Разветвленный род Бисмарков впервые упоминается в письменных источниках в XIII веке. С тех пор он принадлежал к числу наиболее влиятельных дворянских семей Старой Марки — исторической территории у берегов Эльбы, расположенной на севере современной федеральной земли Саксония-Ангальт. Старую Марку иногда называют «колыбелью прусского государства», поэтому неудивительно, что многие представители рода Бисмарков отличились на службе династии Гогенцоллернов. В первую очередь речь шла об офицерской карьере — прадед «железного канцлера» сражался на полях Войны из испанское наследство и Северной войны, дед участвовал в Семилетней войне.

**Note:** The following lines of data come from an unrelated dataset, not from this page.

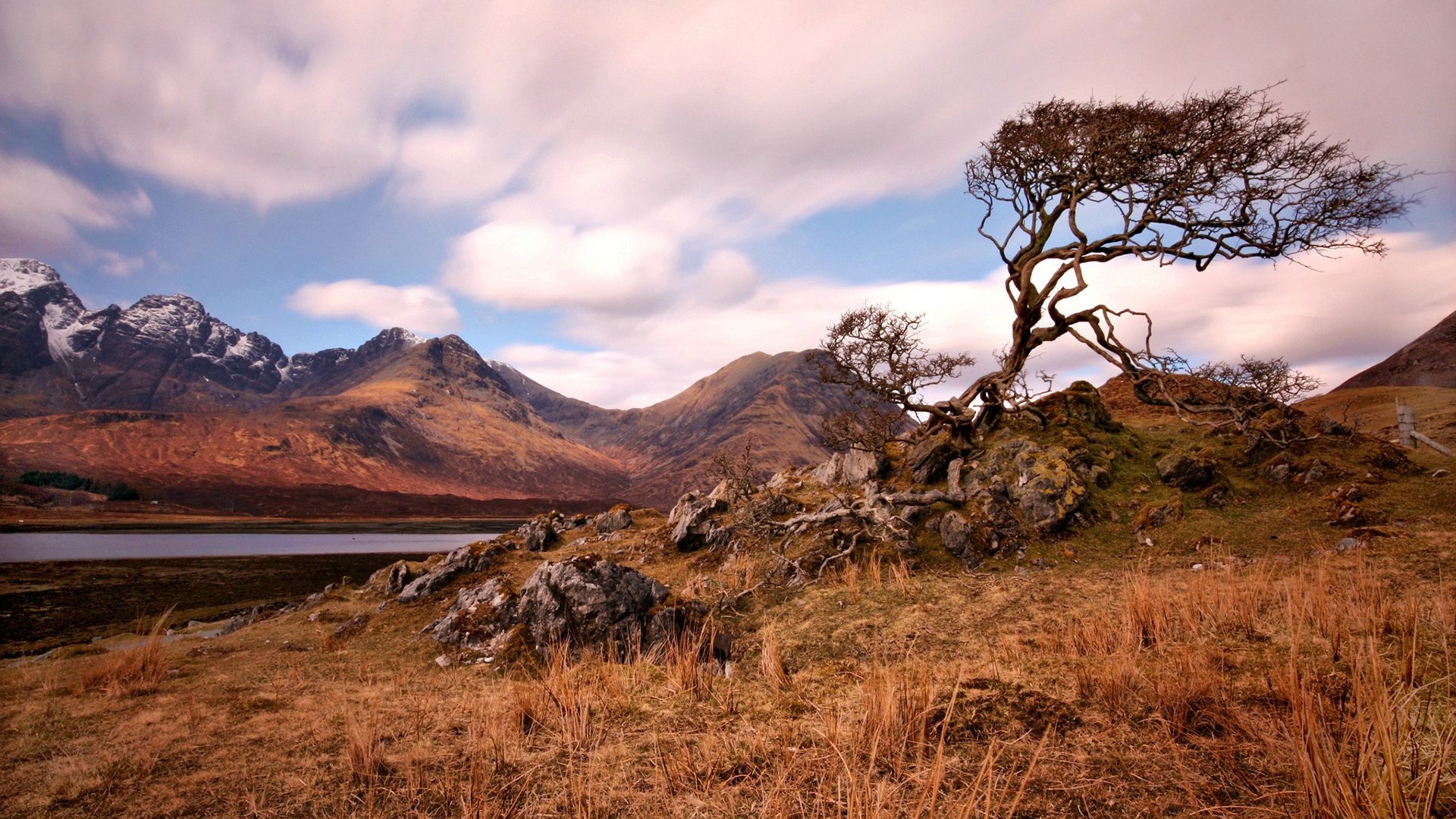 Description: A lone tree on a grassy hill with mountains in the background and a lake in the foreground with a few clouds in the sky.
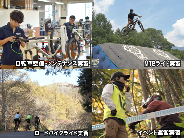スポーツバイシクル学科は、ロードバイクやMTB等スポーツバイクの整備・メンテナンスをはじめ、サイクリングやライド、イベント運営、MTBフィールド整備など、自転車を安全に楽しく乗ってもらうための技術や知識を学ぶ、自転車の専門学校です。
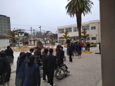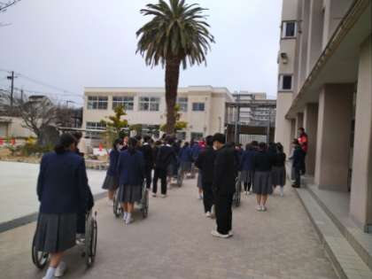5・6限目の後半クラスも、体育館で講話を聞き、6限目は実際に車いすを利用し体験学習を行いました。
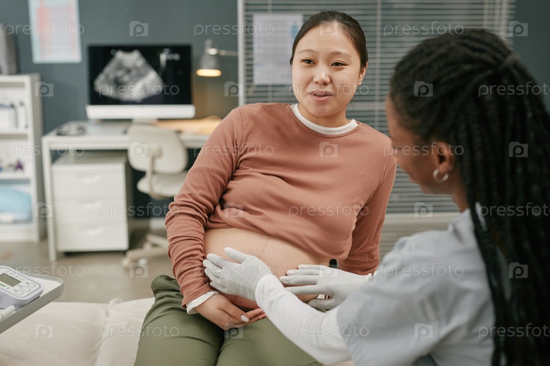 Беременная молодая взрослая азиатская женщина, проходящая обследование живота у чернокожего врача
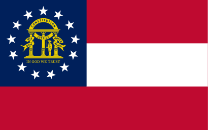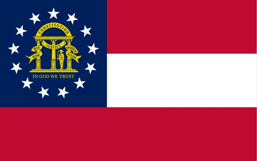 The flag of the U.S. state of Georgia is a distinctive banner featuring a blue canton on a field of three horizontal stripes: red, white, and red. The canton contains the state's coat of arms encircled by a ring of 13 white stars, representing the original Thirteen Colonies, with the state's name in capital letters arching above. Below the coat of arms is the motto 'IN GOD WE TRUST' on a golden-yellow scroll.
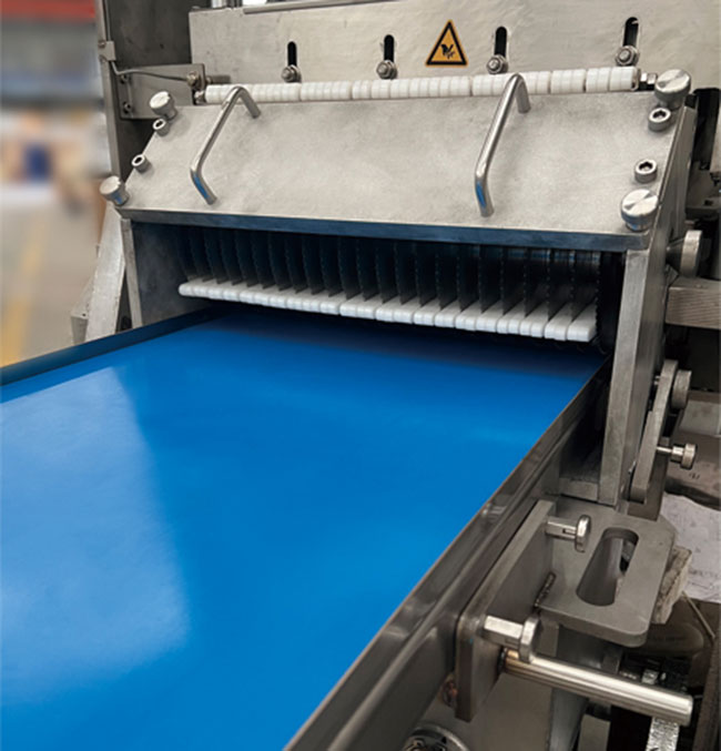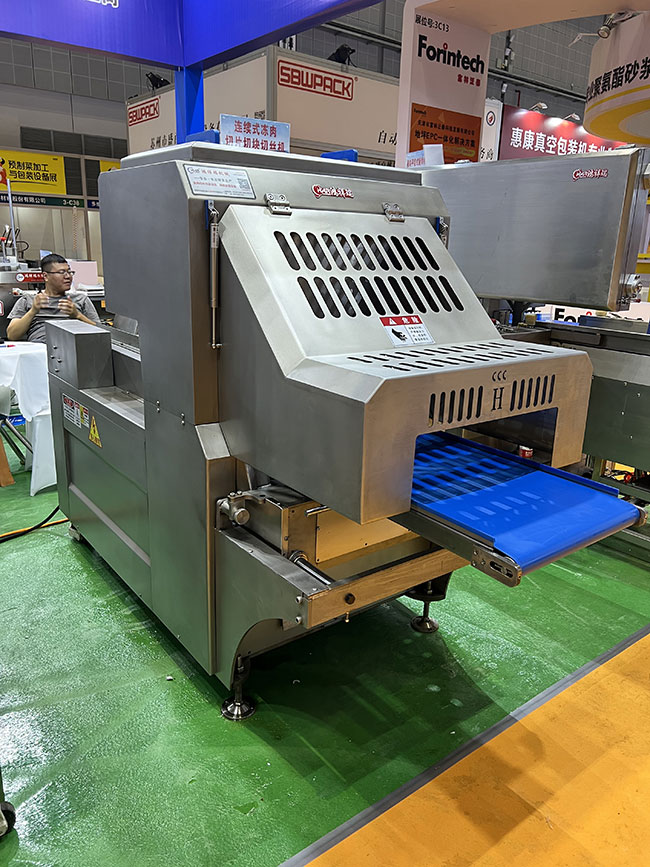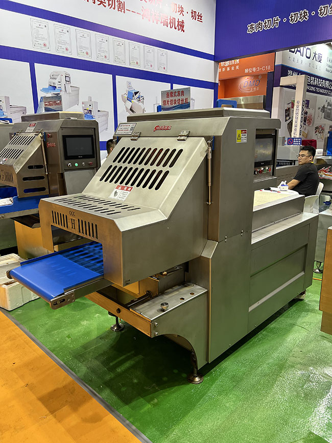 本產(chǎn)品在連續(xù)式切片機(jī)基礎(chǔ)上增加圓形刀組,組成二維切割形式,實(shí)現(xiàn)凍肉切丁切塊功能,連續(xù)式入料切割,流暢切割出成品肉丁肉塊,切塊切丁產(chǎn)量可達(dá)到2-3噸/小時。整套刀組均采用進(jìn)口材質(zhì)刀片,特殊齒形設(shè)計,使切割更加流暢,成型更加美觀。

Отец, Карл Вильгельм Фердинанд фон Бисмарк, появился на свет в 1771 году и, казалось, должен был последовать примеру своих предков. Действительно, в двенадцатилетнем возрасте он был зачислен в кавалерийский полк, однако уже в 23 года в звании риттмейстера покинул службу и отправился в свои владения, ядром которых было поместье Шёнхаузен на восточном берегу Эльбы. Уже этот поступок многое говорит о Фердинанде. Не слишком образованный, лишенный честолюбивых помыслов, добродушный, спокойный и уравновешенный, он предпочитал размеренный покой деревенской жизни городской сутолоке и армейской дисциплине. Некоторые современные историки называют его воплощением прусского помещика, знавшего винный погреб в своем доме гораздо лучше, чем библиотеку[7].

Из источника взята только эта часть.